# eh?



## alexachucarro (May 30, 2002)

What happened to my thread? The football thing. The biggest sporting event on the planet?

Hello? to the Swedes.

hmm this place?.....


----------



## lonny (May 30, 2002)

Trapattoni kick ass!
But let me add something:

WE NEED A FOOTBALL GAME FOR MAC!!!

Fifa would be great, but any will do!


----------



## Zenzefiloan (May 30, 2002)

I am from Greece,we did not make it(what a suprise right?)

So i have to support Spain(my girlfriend is Spanish)

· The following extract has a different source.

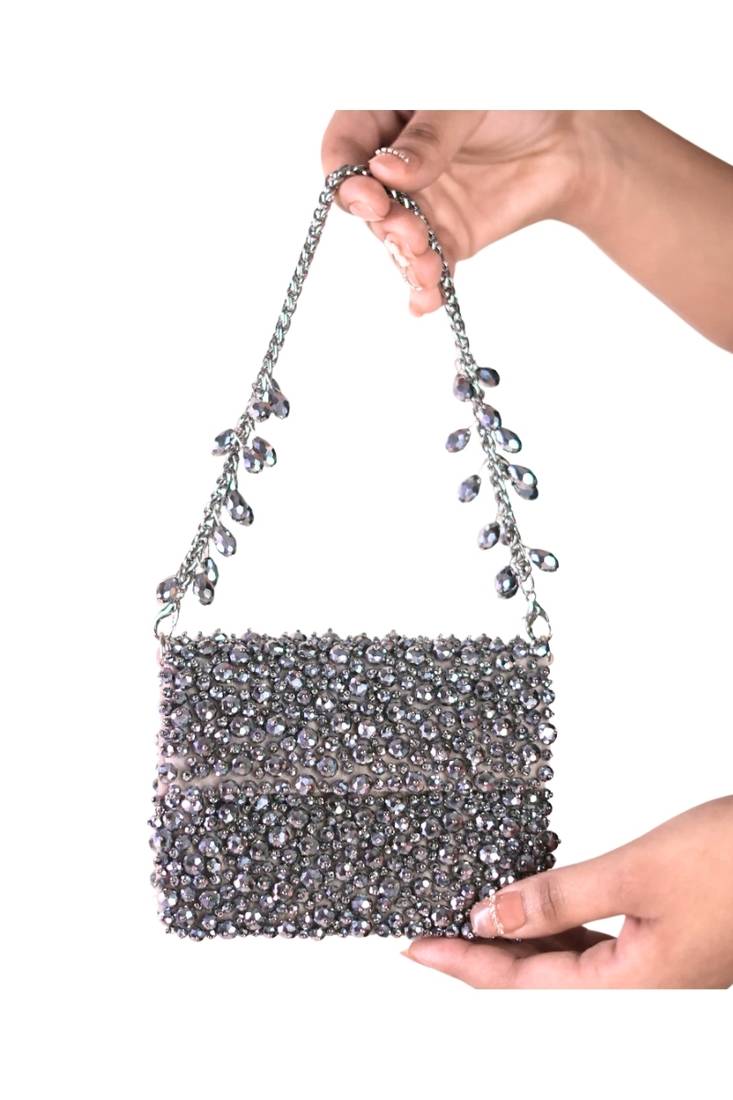 | Product Description | Our Kiyara Grey Suede Crystal Embellished Mini Clutch Bag Is A Beautifully Handcrafted Mini Clutch In Grey With Crystals Fully Embroidered On Bag's Front And Back Sides, Beautifully Crafted On A Suede Base. It Has A Magnetic Flap Closure And A Beautiful Short Metal Handle With Crystal Fallings, Representing A Playful Blend Of Modern And Contemporary Aesthetics. Product Colour May Slightly Vary Due To Photographic Lighting Sources Or Your Monitor Settings. |

OLE OLE OLE OLE OLEEEEE OLEEEEE


----------



## Frederic (May 30, 2002)

Well... I'm from France, so... Champions du Monde !


----------



## Winblows (May 30, 2002)

im american   ... but its gonna be argentina!! france or italy will take second, theyre both strong this year .. it blows my mind that holland didnt make it.. theyre beasts!!


----------



## dricci (May 30, 2002)

I thought football season was over?


----------



## nkuvu (May 30, 2002)

> _Originally posted by alexachucarro _
> *What happened to my thread? The football thing. The biggest sporting event on the planet?
> 
> Hello? to the Swedes.
> ...


Loooks like it was moved to the Bar & Grill thread _where it belongs_.    Last time I checked the latest sporting events are not Macintosh news.


----------



## Erix (May 30, 2002)

HEY! I can support my own country. 

Go Turkey go!!! We want the cup.

Erix.


----------



## Winblows (May 30, 2002)

> _Originally posted by dricci _
> *I thought football season was over?  *



that football doesnt count.. were talking about the real sport.. the actual game that uses your foot and the ball


----------



## simX (May 30, 2002)

> _Originally posted by Frederic _
> *Well... I'm from France, so... Champions du Monde !  *



Uh... mind you, that was the FIRST time.  The Italians have you beat by two world cups, so you'll have to wait at LEAST 8 years to be better than them. 

Go Italy!


----------



## fryke (May 30, 2002)

*sigh* i remember platini kicking that penalty faaaaar above the goal... 

brasiiiiiiil!

(I'm Swiss, we're not there...)

I want Portugal or Brasil to win this pretty cup... Oh and even most football (the one you call soccer) seasons are over. This is about the world cup.


----------



## uoba (May 30, 2002)

England first (only 'cause of the Liverpool players, otherwise my England patriotism is minimal), Brazil either on a par or a very close second (fiancee would kill me otherwise!!!!)

Big problem, our first baby is expected in the next 4 weeks!!!! I hope a game isn't on at the time!!


----------



## apb3 (May 30, 2002)

there is a great football game for the PC (i play it at work every once in a while ). It's called hooligans:storm over europe or something like that.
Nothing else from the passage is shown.